Introduction:: Cardiovascular disease is the number one cause of death in many countries. In many cases, it is closely related to internal plaque buildup on the vessel wall, referred to as atherosclerosis. One of the popular options for relieving this issue is to use vascular grafts to reopen the narrowed section or bypass the stenosed vessel. However, even if patients scheduled post-surgical surveillance routines, complications, such as pain, limb swelling, strokes, and heart attacks, can occur between sequential checkups which compromise the patient’s health or even threaten the patient's life. To address this issue, a dynamic continuous monitoring system is necessary. In most surveillance systems proposed by researchers for vascular grafts, the measurement of blood flow is the main criterion in the design. As stenosis occurs, the amount of blood passing through a unit length can reflect the percentage of flow reduction and the extent of severity of the stenosis. Currently, mainstream models utilize diffraction-grating transducers, electromagnetic rings, and/or piezoelectric pressure sensors. However, even with advanced flexible materials, these add-on devices either compromise the mechanical performance of the vascular graft or limit the compliance of the implant. As a result, we are proposing in this study to design and fabricate a blood flow measuring device which is completely incorporated into the textile-based vascular graft.
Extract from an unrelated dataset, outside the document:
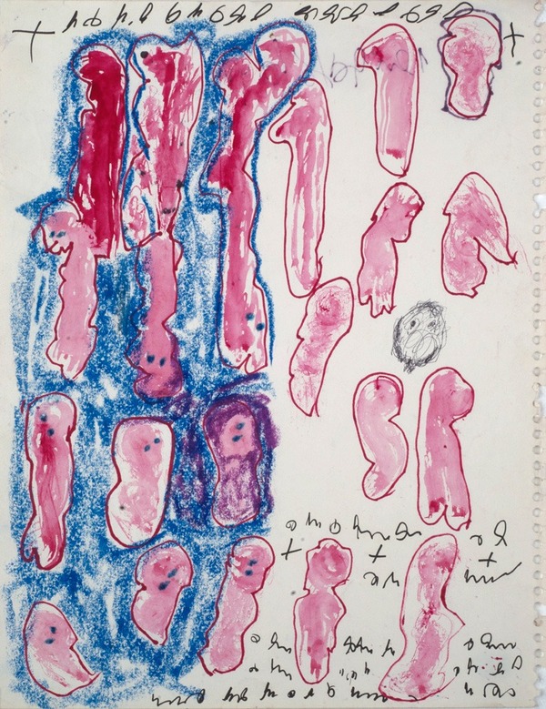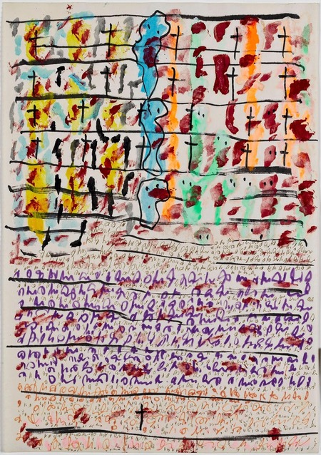 Слои текста нарастают, буквы пересекаются, слова становятся неразборчивыми — текст переходит в абстракцию. Для этого Миллер использует несколько медиумов одновременно: карандаш, ручку, фломастер, краску и даже печатную машинку. Всё это наслаивается в сложную визуальную партитуру

Materials and Methods:: The blood flow sensor is consisted of a PU core yarn, and a layer of conductive polymer, polypyrrole, synthesized on the outer side. The PU core supplies the elasticity of the strain sensor. The conductive polymer takes the responsibility of relating pressure level to resistance change yields from the stretch. The prepared sensor retains the shape of filament yarn, which facilitates the process of integration into a knitted PET vascular graft. With minimum tension applied, the sensor can be inserted into the loop structure by the weft insertion technique. An in vitro evaluation of the vascular prosthesis deployed with a phantom vessel was used to verify the effect of the stretchable strain sensor. Controlled blood flow was replicated at normal to extreme blood flow scenarios.
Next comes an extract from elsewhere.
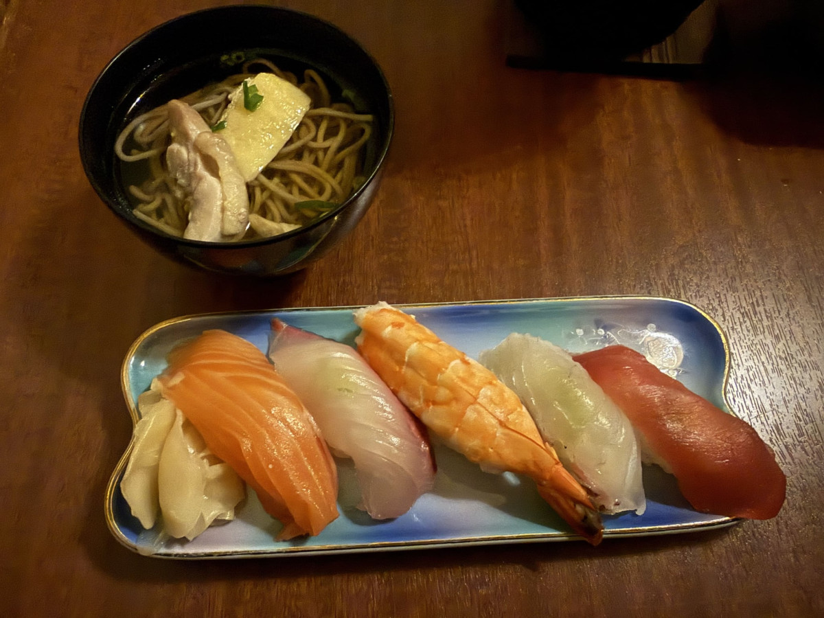 コース料理のにぎりずしとそば(1人分)

Results, Conclusions, and Discussions:: The conductive layer of polypyrrole was successfully synthesized on the surface of PU yarn (Fig.1a). The SEM pictures showed that the polypyrrole layer displayed uniform coverage and conformed tightly to the contours of the filaments of the PU yarn. During stretching, the polypyrrole layer underwent deformation according to the elastic properties of the core yarn. As the PU-polypyrrole strain sensor extended, the resistance of the sensor itself increased with strain due to micro-cracks of the polypyrrole material (Fig.1b). The change of resistance for the strain sensor increased 54 times when the yarn was stretched from 1inch to 1.25inch. Thus, when this sensor is inserted circumferentially into the wall of a knitted vascular graft, the stretched and relaxed displacement data from the strain sensor will be measured and recorded as changes in modulated electrical output (Fig.1c), which will be then converted into changes in blood pressure. When two or more of the strain sensors are inserted along the knitted graft, the pressure variance along the graft can be profiled to indicate flow characteristics, revealing the potential of restenosis of the implanted graft. Therefore, the knitted vascular graft with an integrated stretch sensor can be applied in an in vitro model. Various stroke rhythms and volumes of blood per stroke will be modulated, so as to calibrate the stretch sensor.
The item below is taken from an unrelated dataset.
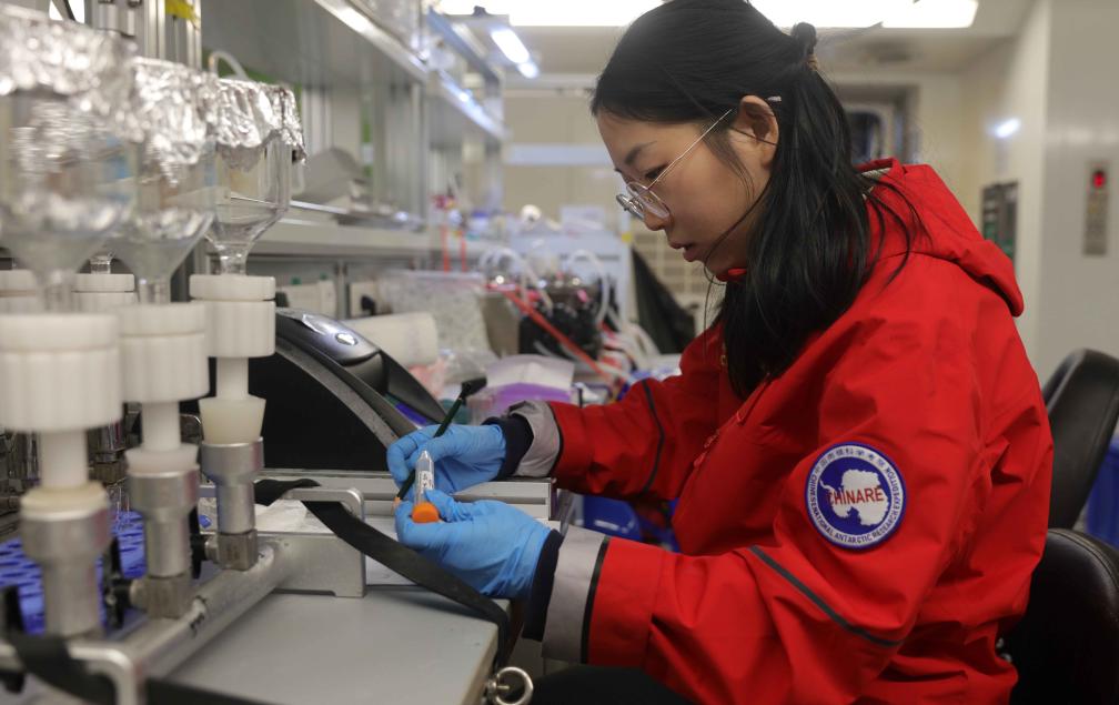 凌晨,考察队员朱洁在“雪龙2”号船载实验室工作。新华社记者 黄韬铭 摄

In this study, we fabricated a conductive textile sensor that reflected and recorded blood pressure in real time. By utilizing pressure changes along the vascular graft, the characteristics of blood flow can be depicted. It is expected that the signal resolution will display minimal drift and/or distortion along the vascular graft. Consequently, patients can self-monitor their vascular prosthesis after implantation of vascular grafts and seek medical intervention as necessary prior to the onset of critical conditions.